Too often people get wrapped up in the popular “Rambo” narrative and forget that the Special Forces were created not to destroy things but to sneak behind enemy lines and turn regular joes – the Bob Snyders of many other lands and cultures – into a functioning army.

That's no small feat when you factor in new languages and unfamiliar customs. But it happens every day in Afghanistan, Iraq and around the world. That learning curve starts the first day, when Pineland Bob picks them up and introduces them to Pineland.

Pinelanders don't sit around on porches and wax philosophic about what it all means.

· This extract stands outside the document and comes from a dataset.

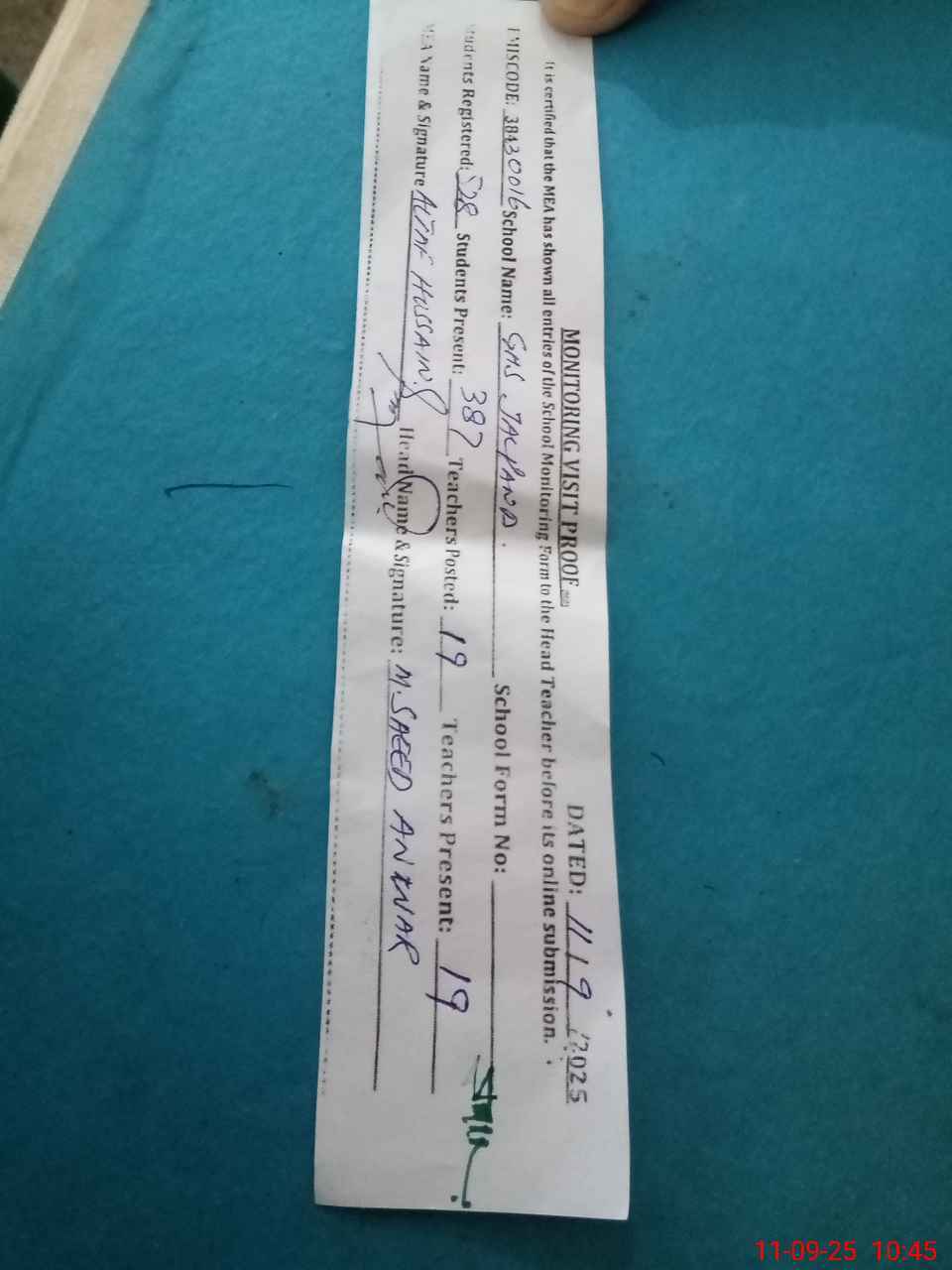 | Name: MU**** SA**** AN**** Designation: (School Headmaster's/Headmistress's) Sr. HEADMASTER Phone/Cell Number: 03**** |

Strip away its details and Robin Sage is simply military support – citizens doing things to make sure that if war comes, the United States has the advantage.

Back at Needham's farm, Snyder – Pineland Bob – waits by his truck. Tomorrow, he will pick the team up one more time before they leave Pineland for Fort Bragg and graduation. Two weeks after that, Snyder will greet a new team. And the Pineland simulation will reboot.

Every day, Real Bob carries a Pineland Liberation flag in the back of his truck – yellow, red and gray stripes with a black paw and “1870” printed underneath.

When he dies, he will receive a full military funeral with an American flag draped over his coffin – something he has earned by serving his country. But inside, carefully arranged over his body, another totem of service will be visible. There, the Pineland flag will prevail.

So says Pineland Bob – or Bob Snyder. It depends on the wallet.